I am using VFX Forth to test these solutions.
In VFX Forth it is very easy to inline binary code when defining a word using the DATA-FILE word. If your Forth doesn't have that word, I highly recommend creating it. Ultimately, however, we will not need it. In the final version portable between different Forths, we will use the comma code insertion method.
So in VFX Forth we can write the word heapsort as follows:

: heapsort
>R >R
[ DATA-FILE /home/fedora/prolog DROP
DATA-FILE /home/fedora/heapsort DROP
DATA-FILE /home/fedora/epilog DROP
] ;

Do you like my solution? I am asking for criticism.
Below are 3 files: heapsort.asm, prolog.asm, epilog.asm.
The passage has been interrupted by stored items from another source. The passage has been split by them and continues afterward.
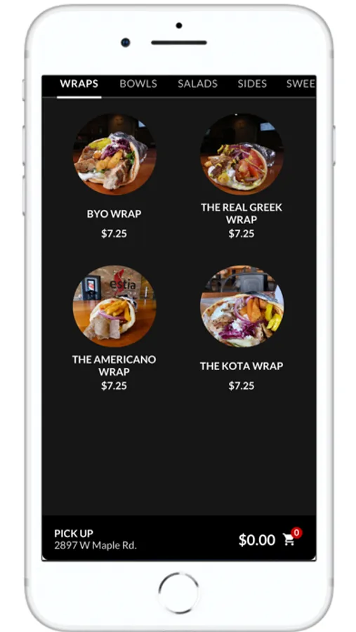 We get it, you are busy and you cannot wait in line. Get your Estia Greek Street Food fix on the fly with our Estia App. We love that you love our "good for you" Greek inspired food. We also understand that waiting in line can be a hassle and that you have a million things to do. No worries. Customize your wraps, salads and gyro bowls on our app, pay online and we will prepare the food for you in a jiffy. Specify which location you would like to pick up from, come right in, say hello (or not), pick up your food from our "pick-up" shelves and off you go. Yup. It's that simple.
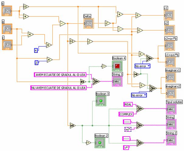 solutiilor complexe si a unui mesaj care sa indice existenta/inexistenta unei ecuatii de gradul al II-lea;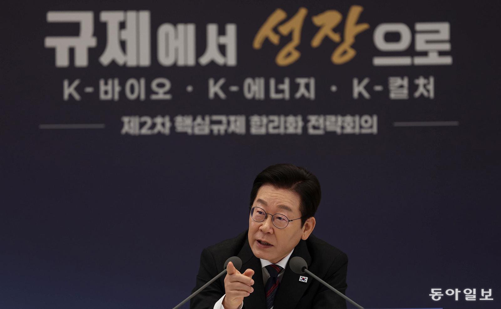 이재명 대통령이 16일 용산 대통령실에서 열린 제2차 핵심규제 합리화 전략회의에서 발언을 하고 있다. 송은석 기자 silverstone@donga.com

See if you can make any improvements to the code in heapsort.asm, even if it is only one CPU cycle or one byte.
As my English is very poor, I would also like to ask you to fix the comments in the heapsort.asm file. These comments, in my opinion, are of great value.
If you try to improve and do not get anything done, share this information - this is also a valuable result!
All language programmers will be able to use this code, let them have something from our Forthers group!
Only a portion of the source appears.